--- START ---

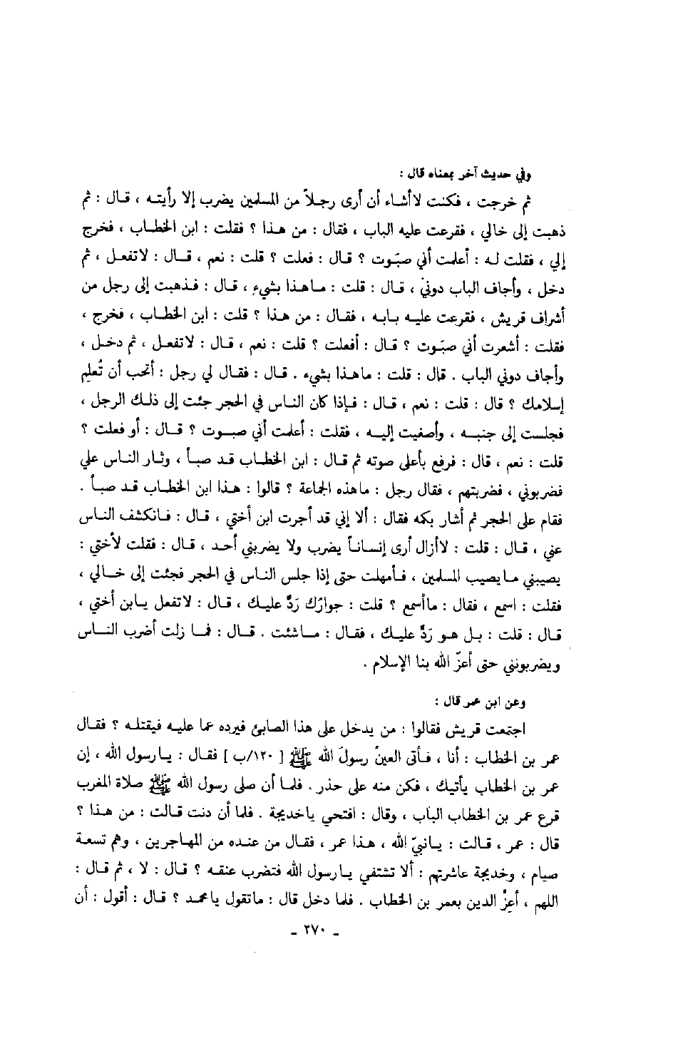ثم خرجت، فكنت لا أشاء أن أرى رجلاً من المسلمين يضرب إلا رأيته، قال: ثم ذهبت إلى خالي، فقرعت عليه الباب، فقال: من هذا؟ فقلت: ابن الخطاب، فخرج إلي، فقلت له: أعلمت أني صبوت؟ قال: فعلت؟ قلت: نعم، قال: لا تفعل، ثم دخل، وأجاف الباب دوني، قال: قلت: ما هذا بشيء، قال: فذهبت إلى رجل من أشراف قريش، فقرعت عليه بابه، فقال: من هذا؟ قلت: ابن الخطاب، فخرج، فقلت: أشعرت أني صبوت؟ قال: أفعلت؟ قلت: نعم، قال: لا تفعل، ثم دخل، وأجاف دوني الباب. قال: قلت: ما هذا بشيء. قال: فقال لي رجل: أتحب أن تعلم إسلامك؟ قال: قلت: نعم، قال: فإذا كان الناس في الحجر جئت إلى ذلك الرجل، فجلست إلى جنبه، وأصغيت إليه، فقلت: أعلمت أني صبوت؟ قال: أو فعلت؟ قلت: نعم، قال: فرفع بأعلى صوته ثم قال: ابن الخطاب قد صبأ، وثار الناس علي فضربوني، فضربتهم، فقال رجل: ما هذه الجماعة؟ قالوا: هذه ابن الخطاب قد صبأ، فقام على الحجر ثم أشار بكمه فقال: ألا إني قد أجرت ابن أختي، قال: فقلت لأختي: يصيبني ما يصيب المسلمين، فأمهلت حتى إذا جاء الناس في الحجر فجئت إلى خالي، فقلت: اسمع، فقال: ما أسمع؟ قلت: جوادك ردٌّ عليك، قال: لا تفعل يا بن أختي، قال: قلت: بل هو ردٌّ عليك، فقال: ما شئت. قال: ما زلت أضرب الناس ويضربونني حتى أعزّ الله بنا الإسلام.
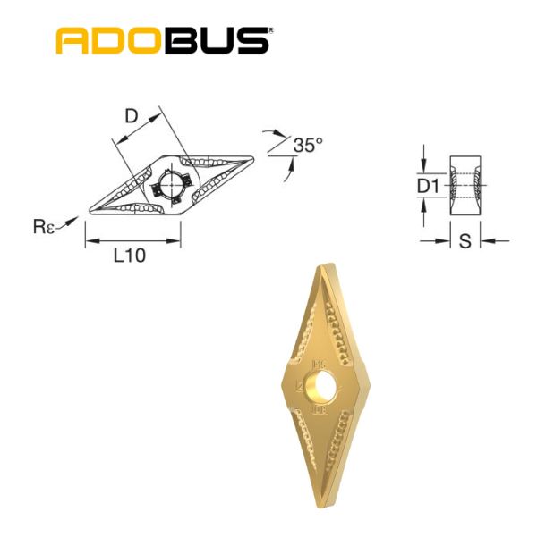 – Mảnh tiện hình thoi V có 2 góc ở đỉnh là 35°.
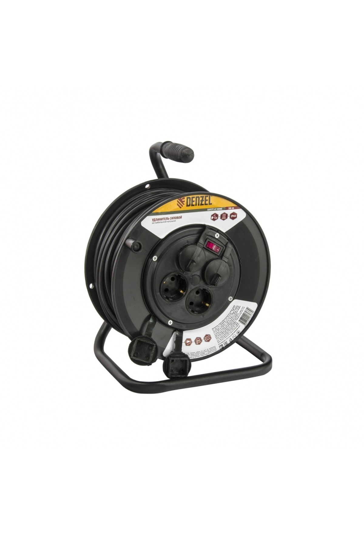 Силовой удлинитель на кабельной катушке Denzel 95908 серии УХз16, со степенью защиты IP44, рассчитан на силу тока 16 А, имеет 4 розетки с крышкой и позволяет подключать электрооборудование к источнику питания, расположенному на расстоянии до 50 м. Позволяет подключить 4 инструмента суммарной мощностью не более 3500 Вт. Удобная рукоятка позволяет быстро разматывать и сматывать кабель. Розетки с заземляющими контактами защищают пользователя от поражения электрическим током. Крышки розеток предотвращают попадание пыли и влаги на разъемы. Удлинитель пригодится на строительной площадке, а также будет полезен дома, на даче или в гараже.
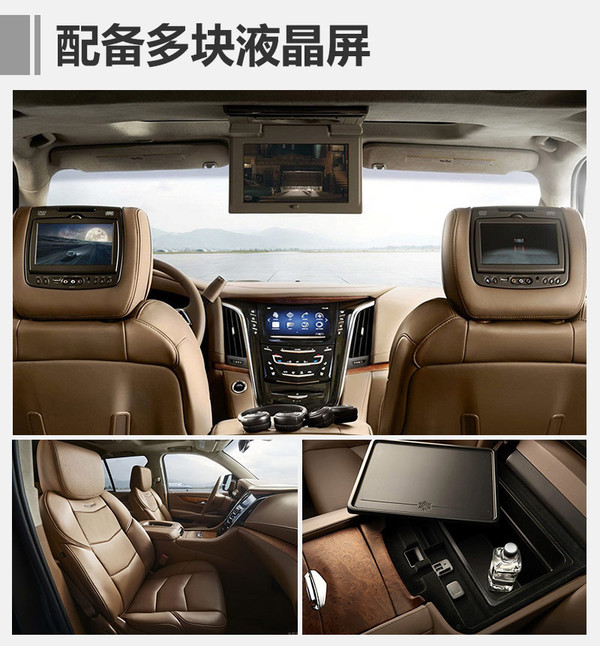 内饰方面,凯雷德长轴白金版采用全新的Nappa真皮座椅,并在多处配以Alcantara材质与木纹装饰,同时仪表盘与中控台也将进行调整。除前排座椅后方两块7英寸液晶显示屏外,还在车顶处配以12英寸显示屏,此外,新车还配备360度全景摄像头、前排18向电动调节座椅等配置。
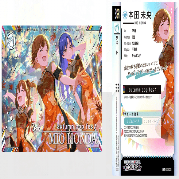 ・排出停止になった過去衣装を着た別イラストカードで、実際にその衣装としてゲームで使用できる衣装カードになっている
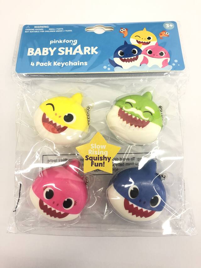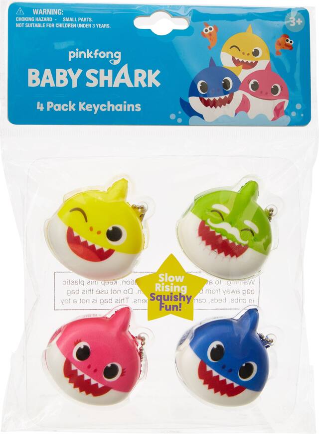 You may be interested in these similar products shown below.These ultra soft and squishy Baby Shark keychain toys are perfect for birthday party favors. Kids age 3 and up will have fun squeezing the squishies, watching as they slowly return to shape like memory foam. Just place them on a little one's key ring and they'll provide hours of entertainment on the go. Help your child pretend to swim away like their favorite singing shark with these fun and squeezable keychains that encourage imagination.
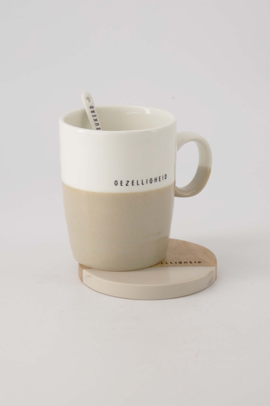 Geniet van een lekker kopje thee met deze toffe theemok van Zusss in een hele nieuwe stijl! Dit mokje met oor is gemaakt van aardewerk en is wit aan de bovenkant en zandkleurig aan de onderkant. Op de voorkant staat 'gezelligheid' en het herkenbare Zusss logo staat op de onderkant. De theemok heeft een inhoud van 300 ml. Door de lieve tekst is dit mokje ook super leuk om cadeau te geven!
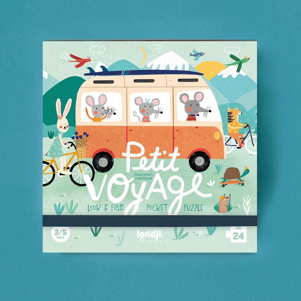 Conductors prudents, ciclistes feliços i camioners carregats de gelats. Que no s’acabi mai aquesta carretera! Un cop muntat el puzle hi ha un petit joc. Qui serà el primer en trobar els 10 conductors? Un puzzle petit de 24 peces i un joc d'observació de cotxes i bicicletes en versió de butxaca, per a què puguis dur-los a tot arreu. Fets amb molt cura a Barcelona.
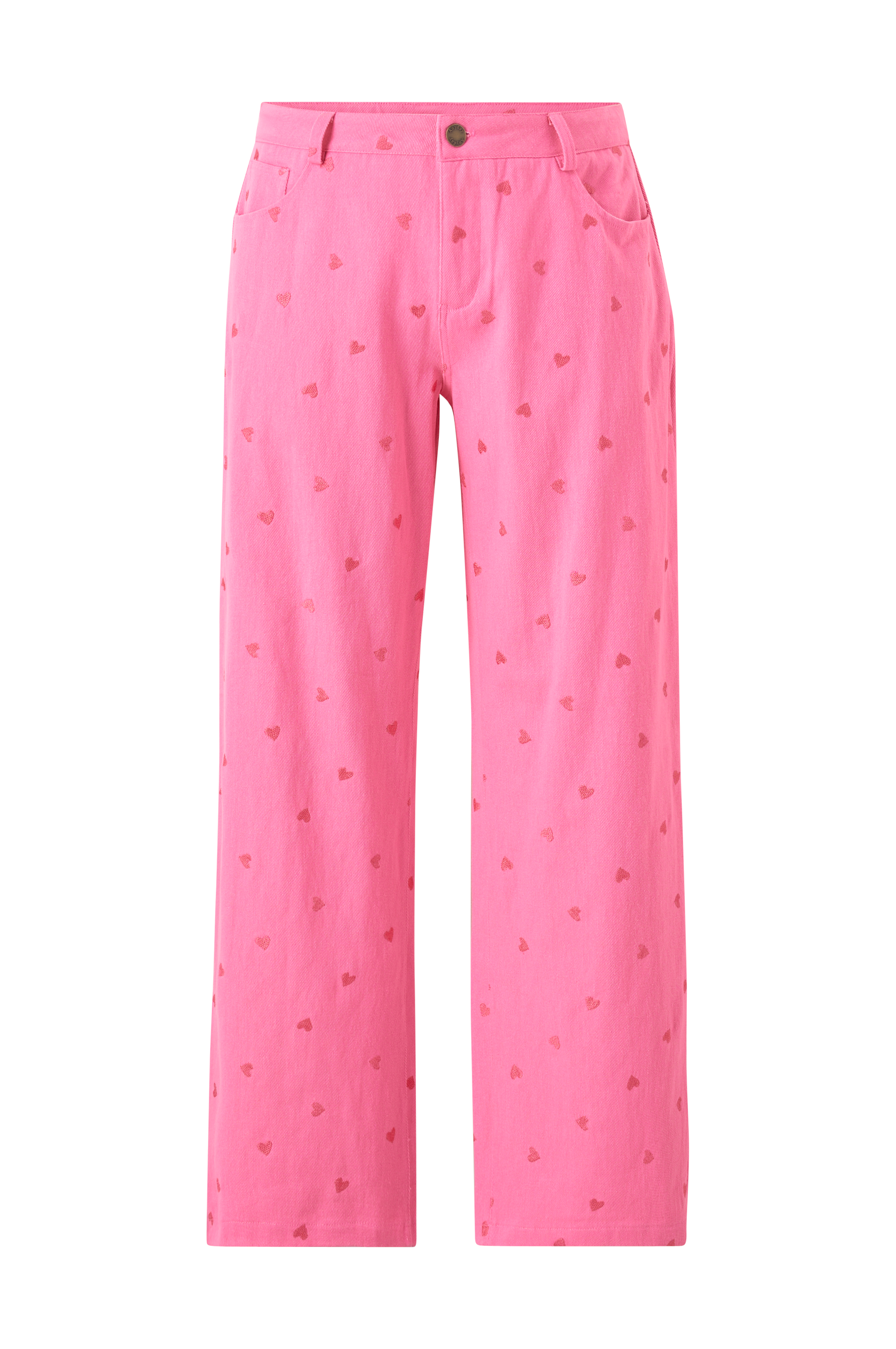 • Store størrelser• Femlommemodel med broderede hjerter overalt• Taljebånd med justérbart elastisk bånd på indersiden• Brede, lige ben• Indre benlængde: 81 cm i størrelse 42

--- END ---

### EXERCISE PROMPT
Restate all of the material word for word, leaving every picture out.

### RESPONSE
ثم خرجت، فكنت لا أشاء أن أرى رجلاً من المسلمين يضرب إلا رأيته، قال: ثم ذهبت إلى خالي، فقرعت عليه الباب، فقال: من هذا؟ فقلت: ابن الخطاب، فخرج إلي، فقلت له: أعلمت أني صبوت؟ قال: فعلت؟ قلت: نعم، قال: لا تفعل، ثم دخل، وأجاف الباب دوني، قال: قلت: ما هذا بشيء، قال: فذهبت إلى رجل من أشراف قريش، فقرعت عليه بابه، فقال: من هذا؟ قلت: ابن الخطاب، فخرج، فقلت: أشعرت أني صبوت؟ قال: أفعلت؟ قلت: نعم، قال: لا تفعل، ثم دخل، وأجاف دوني الباب. قال: قلت: ما هذا بشيء. قال: فقال لي رجل: أتحب أن تعلم إسلامك؟ قال: قلت: نعم، قال: فإذا كان الناس في الحجر جئت إلى ذلك الرجل، فجلست إلى جنبه، وأصغيت إليه، فقلت: أعلمت أني صبوت؟ قال: أو فعلت؟ قلت: نعم، قال: فرفع بأعلى صوته ثم قال: ابن الخطاب قد صبأ، وثار الناس علي فضربوني، فضربتهم، فقال رجل: ما هذه الجماعة؟ قالوا: هذه ابن الخطاب قد صبأ، فقام على الحجر ثم أشار بكمه فقال: ألا إني قد أجرت ابن أختي، قال: فقلت لأختي: يصيبني ما يصيب المسلمين، فأمهلت حتى إذا جاء الناس في الحجر فجئت إلى خالي، فقلت: اسمع، فقال: ما أسمع؟ قلت: جوادك ردٌّ عليك، قال: لا تفعل يا بن أختي، قال: قلت: بل هو ردٌّ عليك، فقال: ما شئت. قال: ما زلت أضرب الناس ويضربونني حتى أعزّ الله بنا الإسلام.
 – Mảnh tiện hình thoi V có 2 góc ở đỉnh là 35°.
 Силовой удлинитель на кабельной катушке Denzel 95908 серии УХз16, со степенью защиты IP44, рассчитан на силу тока 16 А, имеет 4 розетки с крышкой и позволяет подключать электрооборудование к источнику питания, расположенному на расстоянии до 50 м. Позволяет подключить 4 инструмента суммарной мощностью не более 3500 Вт. Удобная рукоятка позволяет быстро разматывать и сматывать кабель. Розетки с заземляющими контактами защищают пользователя от поражения электрическим током. Крышки розеток предотвращают попадание пыли и влаги на разъемы. Удлинитель пригодится на строительной площадке, а также будет полезен дома, на даче или в гараже.
 内饰方面,凯雷德长轴白金版采用全新的Nappa真皮座椅,并在多处配以Alcantara材质与木纹装饰,同时仪表盘与中控台也将进行调整。除前排座椅后方两块7英寸液晶显示屏外,还在车顶处配以12英寸显示屏,此外,新车还配备360度全景摄像头、前排18向电动调节座椅等配置。
 ・排出停止になった過去衣装を着た別イラストカードで、実際にその衣装としてゲームで使用できる衣装カードになっている
 You may be interested in these similar products shown below.These ultra soft and squishy Baby Shark keychain toys are perfect for birthday party favors. Kids age 3 and up will have fun squeezing the squishies, watching as they slowly return to shape like memory foam. Just place them on a little one's key ring and they'll provide hours of entertainment on the go. Help your child pretend to swim away like their favorite singing shark with these fun and squeezable keychains that encourage imagination.
 Geniet van een lekker kopje thee met deze toffe theemok van Zusss in een hele nieuwe stijl! Dit mokje met oor is gemaakt van aardewerk en is wit aan de bovenkant en zandkleurig aan de onderkant. Op de voorkant staat 'gezelligheid' en het herkenbare Zusss logo staat op de onderkant. De theemok heeft een inhoud van 300 ml. Door de lieve tekst is dit mokje ook super leuk om cadeau te geven!
 Conductors prudents, ciclistes feliços i camioners carregats de gelats. Que no s’acabi mai aquesta carretera! Un cop muntat el puzle hi ha un petit joc. Qui serà el primer en trobar els 10 conductors? Un puzzle petit de 24 peces i un joc d'observació de cotxes i bicicletes en versió de butxaca, per a què puguis dur-los a tot arreu. Fets amb molt cura a Barcelona.
 • Store størrelser• Femlommemodel med broderede hjerter overalt• Taljebånd med justérbart elastisk bånd på indersiden• Brede, lige ben• Indre benlængde: 81 cm i størrelse 42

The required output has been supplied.